Urbanisation is one of the major drivers of ecosystem change and includes increased temperatures in cities leading to an urban heat island (UHI). This study quantified the phenological response of odonates across London, UK, from 1990 to 2012, using a database of 1,031,277 historical sightings. The ordinal flight dates of each species were used to calculate the leading edge, middle and trailing edge of the flight period (P5, P50 and P95, respectively). The results suggest that the phenology of odonates is affected by the UHI only at a community level: no significant changes in the P5 or P50 of the flight period were found, although the P95 shows a mean advance of 4.13 days compared to rural areas, thus suggesting a contraction of the flight period in urban areas. However, only one individual species (Sympetrum striolatum) exhibited an advance in the P95 of the flight period in urban areas compared to rural areas. On the other hand, climate change (minimum temperature) had a much stronger impact on the phenology of odonates at the community level with a significant advance of 6.9 days °C−1 in the P5 of the flight period, 3.1 days °C−1 in the P50 and 3.3 days °C−1 in the P95 flight date.

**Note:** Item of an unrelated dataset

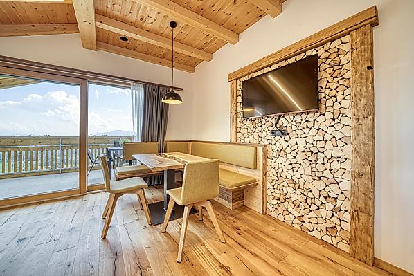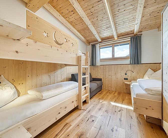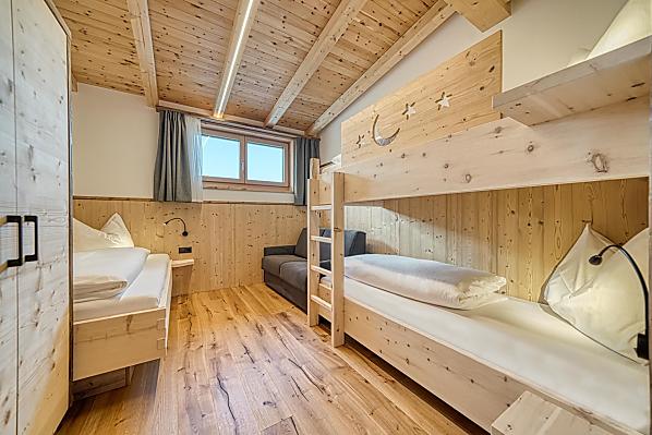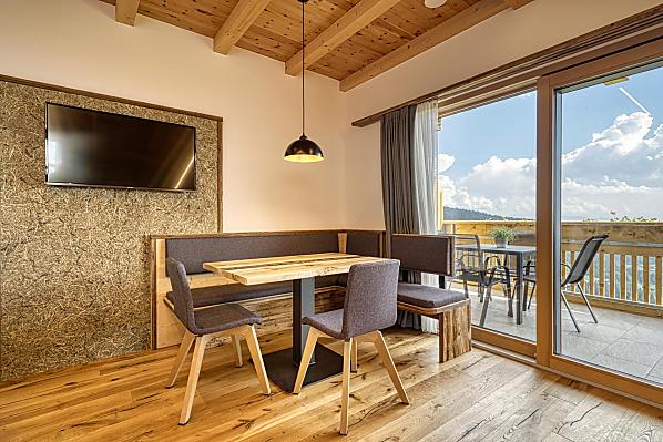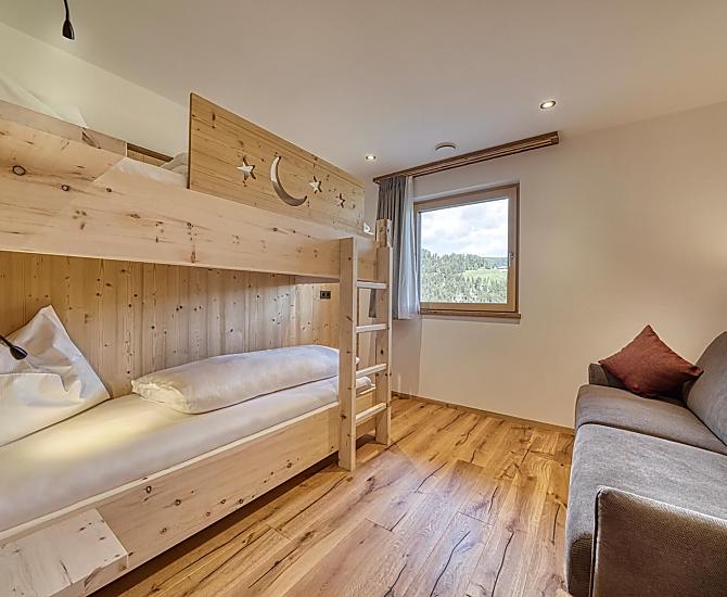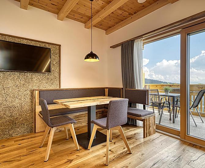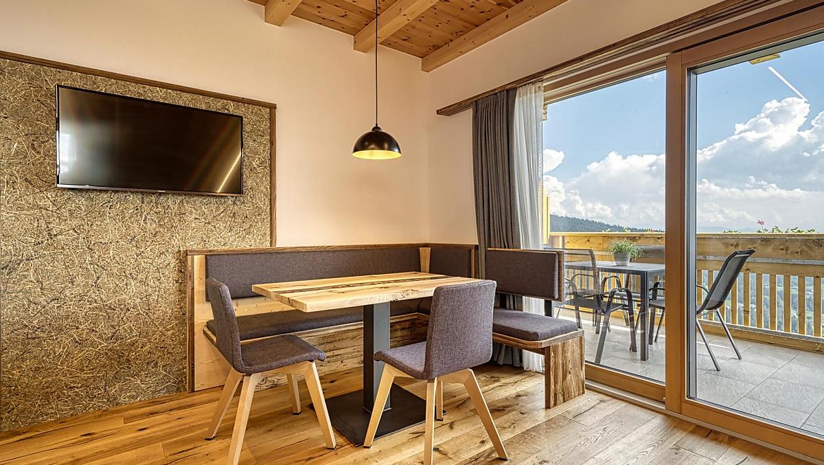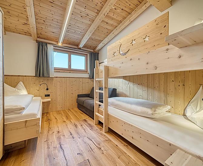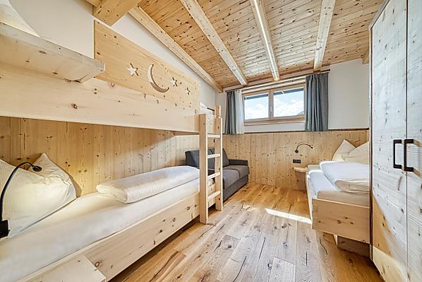 Ubytujte se ve 3 prostorných apartmánech o rozloze 60 m² se spoustou dřevěných obkladů ze švýcarské kamenné borovice a nádherným panoramatickým výhledem. Na děti čeká malé dětské hřiště a různá zvířata, která si mohou pohladit.

Similarly, a significant advance in P5 was found in 7 of the 15 species tested in response to minimum temperature, and 2 species showed a significant advance in P50 in response to minimum temperature, but no species showed a shift in the P95 flight date due to minimum temperature. As shown in previous studies, life history influences the phenological response of odonates, with spring species and those species lacking an egg diapause being the most responsive to increased temperatures, although summer species and species with obligate egg diapause also respond to the UHI by advancing the P95 by 3.8 and 4.5 days, respectively, compared to rural areas, thus contracting the flight period. The present study shows that the UHI has negligible impacts on emergence patterns of odonates compared to climate change, which may result from the capacity of aquatic habitats to buffer the microclimatic conditions of the surrounding terrestrial habitats. We conclude by highlighting the importance of climate change on freshwater habitats over the impacts of the UHI.

Highlights

  • With over 50% of people living in cities (Grimm et al 2008) and the impacts extending beyond the metropolitan borders (Faeth et al 2011), studying the effects of urbanisation has become crucial in order to understand urban ecosystems and mitigate the negative impacts of cities

  • Regarding the community-level shifts in response to urbanisation, a small but statistically significant advance of the P95 flight date of 4.1 days (t = −5.066, df = 12, P = 0.002) was found after using the false discovery rate (FDR) correction, and no significant change was found in P5 or P50 (P5: mean = 2.4 days, t = 2.190, df = 12, P = 0.063; P50: mean = −0.3 days, t = −0.429, df = 12, P = 0.675), representing a contraction of the flight period of odonates in cities (Fig. 3)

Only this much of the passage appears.